= Elizabeth Dent, Countess of Tullibardine =

English aristocrat and landowner

Elizabeth Dent, Countess of Tullibardine (1591-1656) was an English aristocrat and landowner.

She was the daughter of John Dent and Alice Grant. John Dent was originally from Leicester and became a salter and merchant in London.

She married the veteran soldier Francis Vere (d. 1609) on 26 October 1607. Rowland Whyte commented that some "smile at it for it is said she is not the fairest."

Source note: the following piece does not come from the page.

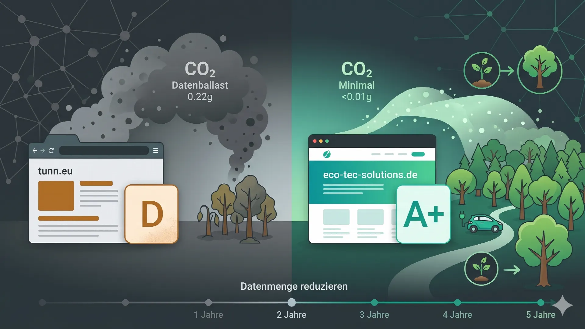 Schlanker Code als Klimaschutz: Wie eco-tec-solutions 95% CO2 pro Klick einspart. Ein Praxisbericht über digitale Effizienz und Nachhaltigkeit.

There was discussion about her marrying Charles Caesar, a son of her step-father, the judge Sir Julius Caesar, and John Chamberlain said she was pressured to marry Caesar. In 1613 she married Sir Patrick Murray, a son of John Murray, 1st Earl of Tullibardine, who became the 1st or 3rd Earl of Tullibardine in January 1628.

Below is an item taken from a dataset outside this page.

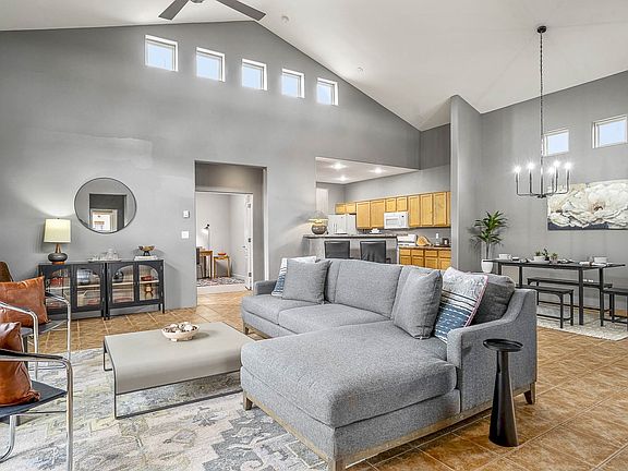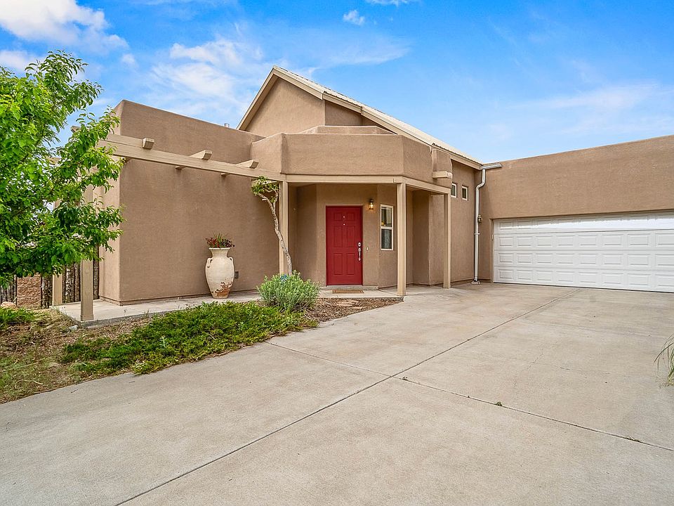 Sitting on a much desired corner lot in Santa Fe’s Tierra Contenta neighborhood, this charming, single-level (no interior steps!), 3-bedroom, 2-bathroom home offers a unique blend of Northern New Mexico style and modern design elements. Step inside and you will be captivated by the soaring ceilings in the open-concept, light-filled living and dining space. Thoughtfully designed for both comfort and versatility is a bonus office or den—perfect for remote work or creative pursuits. The home’s contemporary flare features exposed, painted, concrete floors in many rooms and is complemented by luxurious radiant in-floor heating throughout, creating a cozy retreat during Santa Fe’s cooler seasons. Equally special, is the private, wrap-around backyard, adorned with flowers and several mature trees, that a corner lot provides. Enjoy sunny mornings and peaceful evenings from this outdoor retreat. The patio is completed with clever sun shades that provide comfort in the warmer months and are easy to stow away for the winter season.The spacious, attached, two-car garage offers ample storage, making this sweet property the complete package. Tierra Contenta features convenient access to Highway 599, shops and restaurants, and is ideally located for those commuting to Albuquerque or Los Alamos. This fabulous find in Tierra Contenta combines privacy, style, and functionality in one of Santa Fe’s beloved communities.

Murray had come to London with King James in 1603, and was knighted at St James Palace on 24 July 1603. His first wife was Prudence Bulmer, a daughter of the mining entrepreneur Bevis Bulmer, and widow of John Beeston who she had married in 1596. Beeston was a grandson of George Beeston who fought at Pinkie. Murray died in October 1644.

She died in 1656.

==Family==
The children of Elizabeth Dent and Patrick Murray included:
- James Murray, Lord Gask, and 2nd or 4th Earl of Tullibardine (1617-1670), who married Lilias Drummond, a daughter of the Earl of Perth in London in May 1643.
- Charles Murray (1618-1647)
- Francis Murray (1627-1639)
- William Murray of Redcastle (d. 1646)
- Patrick Murray (1637-1640)
- Elizabeth Murray
She also mentioned her daughters Diana and Juliana in her last testament.